- [Exercise] Make an exact copy of the data below, leaving out every picture.

- [Data for analysis]
==========
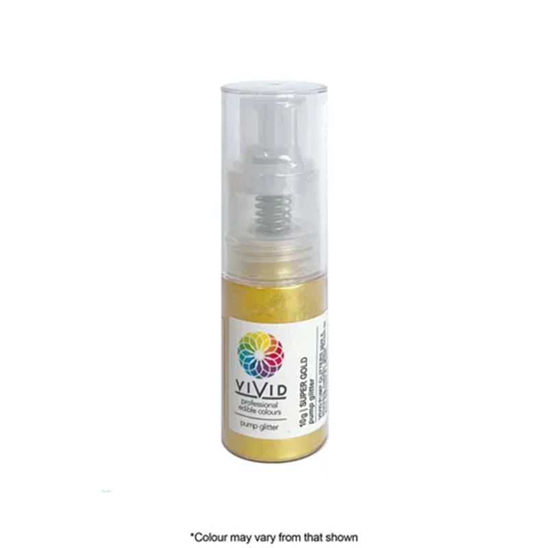 VIVID PUMP GLITTERS give a stunning, metallic glitter finish to your desserts & treats!. They have easy to use spray pumps to spray beautiful bling onto your cakes, desserts and more.
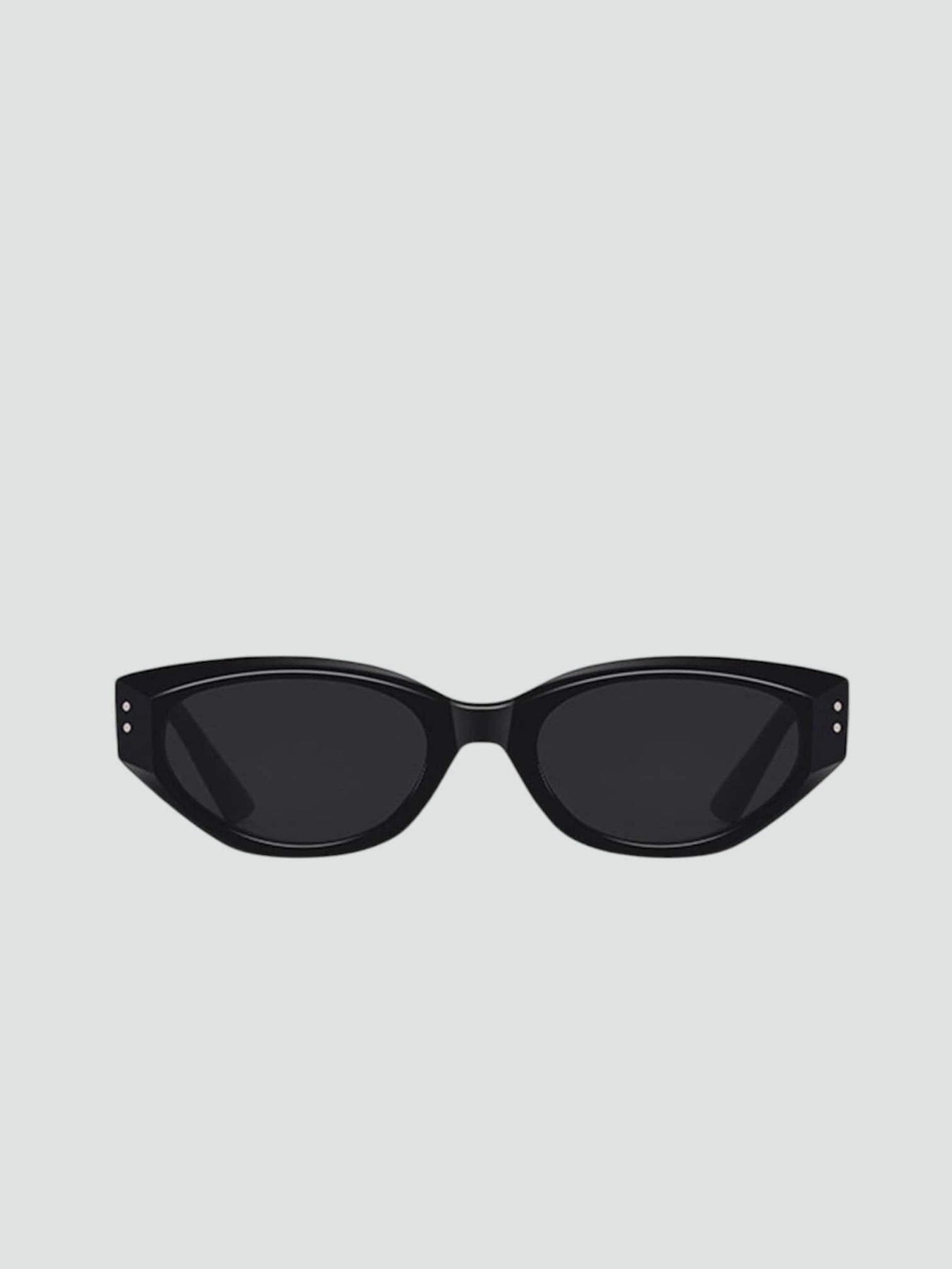Diseño retro con un toque moderno. Estas gafas de sol negras combinan montura gruesa con detalles metálicos para un look seguro y con personalidad. Perfectas para elevar tus outfits urbanos con estilo.
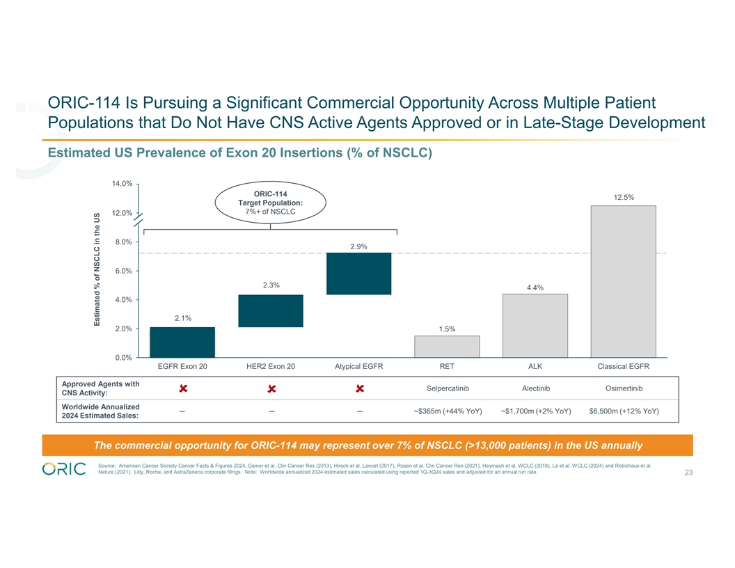 ORIC-114计划的下一步行动和潜在注册路径202520262027 + • EGFR外显子20抑制剂初创期1b • EGFR非典型突变队列• HER2外显子20 EGFR外显子20,2027年对先前外显子20多个潜在潜在2期NDA备案未做EGFR非典型突变2L批准的注册试验HER2外显子20 • EGFR外显子20单药治疗1b期• EGFR外显子20组合与SC amivantamab队列• EGFR非典型单药治疗多个潜在EGFR外显子20(单药或组合)2028年NDA备案1L批准的潜在3期试验EGFR非典型单药治疗更新的1b期数据预计将于2025年上半年发布,预计将于2025年下半年启动多个加速注册队列;潜在用于ORIC-114 1L注册试验(s)于2026年启动22 1L NSCLC 2L NSCLC策略策略
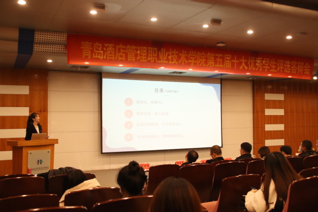 答辩会由候选人风采展示和现场答辩两部分组成。参加答辩的候选人经过自主申报、二级学院预审等程序脱颖而出,他们先后分享了自己在思想成长、学业成果、社会实践、创新创业、工作表现等方面的经历和收获。评委老师根据候选人的陈述,从时间管理、目标确立、兴趣培养等多角度现场提问,候选人即时作答。
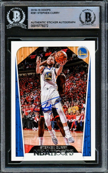 Stephen Curry Autographed 2018-19 Hoops Card #281 Golden State Warriors Beckett BAS #15779272
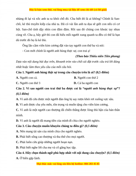 2. Đọc thầm và trả lời câu hỏi. (6 điểm) Anh hùng thực sự
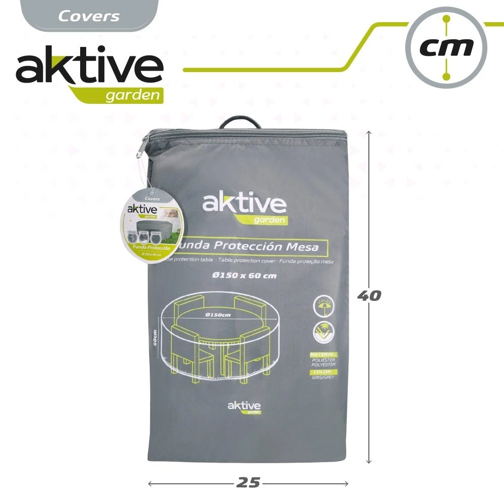 Protector impermeable para mesas redondas de jardín o terraza Aktive Garden. La funda mide Ø150 cm. Protege tus muebles al aire libre frente a la lluvia fina, el viento y los rayos del sol. Con esta funda impermeable mantendrás tu mobiliario de jardín en perfecto estado. Este modelo es de color gris y está fabricado con tejido 60% poliéster.
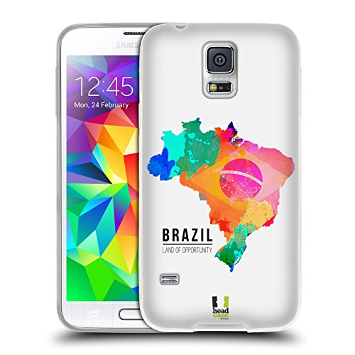 Head Case Designs Land of Opportunity Brasile Mappe Acquarellate Cover Morbida in Gel per Samsung Galaxy S5 / S5 Neo
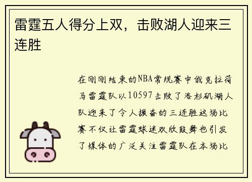 在刚刚结束的NBA常规赛中,俄克拉荷马雷霆队以105-97击败了洛杉矶湖人队,迎来了令人振奋的三连胜。这场比赛不仅让雷霆球迷欢欣鼓舞,也引发了媒体的广泛关注。雷霆队在本场比赛中展现出了强大的团队实力和出色的球员个人表现,尤其是五位球员得分上双,成为比赛胜利的关键因素。
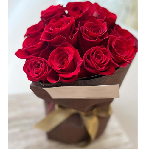 Classic bouquet of 12 fresh red roses, beautifully wrapped to express deep love and passion.
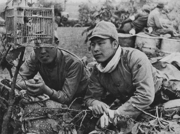 1938年5月17日,朝徐州进攻的日军今田战车队士兵在休息时喂养小鸟。
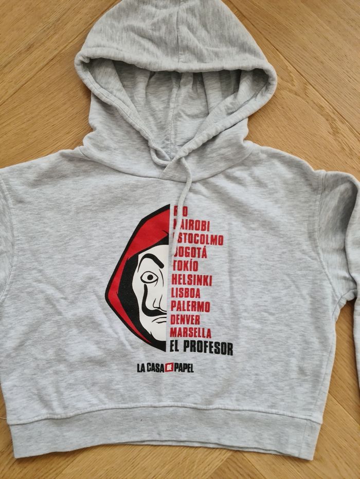 Pull à capuche fille de marque Jennyfer La casa de papel Netflix ; Taille XXS ; Ton gris clair ; En très bon état
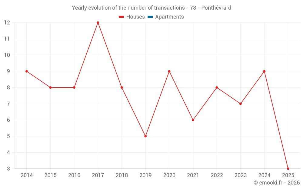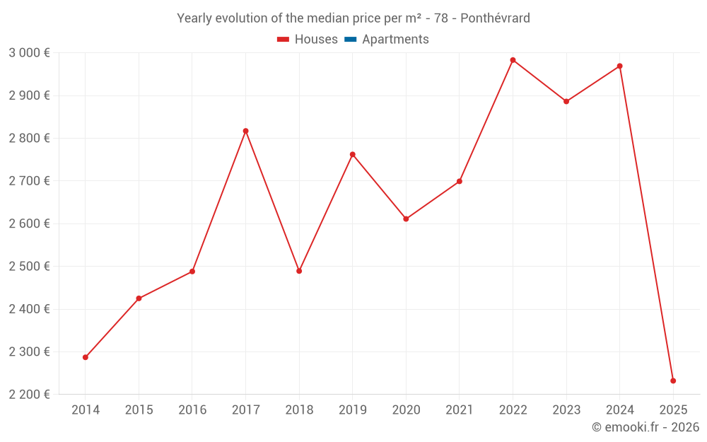 The median price on the 16 house transactions of the last 24 months in the municipality of Ponthévrard was 2 784 € per square meter for a median property value of 327 500 €. Over this period, 60% of transactions were between 2 235 and 3 185 € per square meter (from the 2nd to the 8th deciles).
==========
- [Result below]
 VIVID PUMP GLITTERS give a stunning, metallic glitter finish to your desserts & treats!. They have easy to use spray pumps to spray beautiful bling onto your cakes, desserts and more.
Diseño retro con un toque moderno. Estas gafas de sol negras combinan montura gruesa con detalles metálicos para un look seguro y con personalidad. Perfectas para elevar tus outfits urbanos con estilo.
 ORIC-114计划的下一步行动和潜在注册路径202520262027 + • EGFR外显子20抑制剂初创期1b • EGFR非典型突变队列• HER2外显子20 EGFR外显子20,2027年对先前外显子20多个潜在潜在2期NDA备案未做EGFR非典型突变2L批准的注册试验HER2外显子20 • EGFR外显子20单药治疗1b期• EGFR外显子20组合与SC amivantamab队列• EGFR非典型单药治疗多个潜在EGFR外显子20(单药或组合)2028年NDA备案1L批准的潜在3期试验EGFR非典型单药治疗更新的1b期数据预计将于2025年上半年发布,预计将于2025年下半年启动多个加速注册队列;潜在用于ORIC-114 1L注册试验(s)于2026年启动22 1L NSCLC 2L NSCLC策略策略
 答辩会由候选人风采展示和现场答辩两部分组成。参加答辩的候选人经过自主申报、二级学院预审等程序脱颖而出,他们先后分享了自己在思想成长、学业成果、社会实践、创新创业、工作表现等方面的经历和收获。评委老师根据候选人的陈述,从时间管理、目标确立、兴趣培养等多角度现场提问,候选人即时作答。
 Stephen Curry Autographed 2018-19 Hoops Card #281 Golden State Warriors Beckett BAS #15779272
 2. Đọc thầm và trả lời câu hỏi. (6 điểm) Anh hùng thực sự
 Protector impermeable para mesas redondas de jardín o terraza Aktive Garden. La funda mide Ø150 cm. Protege tus muebles al aire libre frente a la lluvia fina, el viento y los rayos del sol. Con esta funda impermeable mantendrás tu mobiliario de jardín en perfecto estado. Este modelo es de color gris y está fabricado con tejido 60% poliéster.
 Head Case Designs Land of Opportunity Brasile Mappe Acquarellate Cover Morbida in Gel per Samsung Galaxy S5 / S5 Neo
 在刚刚结束的NBA常规赛中,俄克拉荷马雷霆队以105-97击败了洛杉矶湖人队,迎来了令人振奋的三连胜。这场比赛不仅让雷霆球迷欢欣鼓舞,也引发了媒体的广泛关注。雷霆队在本场比赛中展现出了强大的团队实力和出色的球员个人表现,尤其是五位球员得分上双,成为比赛胜利的关键因素。
 Classic bouquet of 12 fresh red roses, beautifully wrapped to express deep love and passion.
 1938年5月17日,朝徐州进攻的日军今田战车队士兵在休息时喂养小鸟。
 Pull à capuche fille de marque Jennyfer La casa de papel Netflix ; Taille XXS ; Ton gris clair ; En très bon état
 The median price on the 16 house transactions of the last 24 months in the municipality of Ponthévrard was 2 784 € per square meter for a median property value of 327 500 €. Over this period, 60% of transactions were between 2 235 and 3 185 € per square meter (from the 2nd to the 8th deciles).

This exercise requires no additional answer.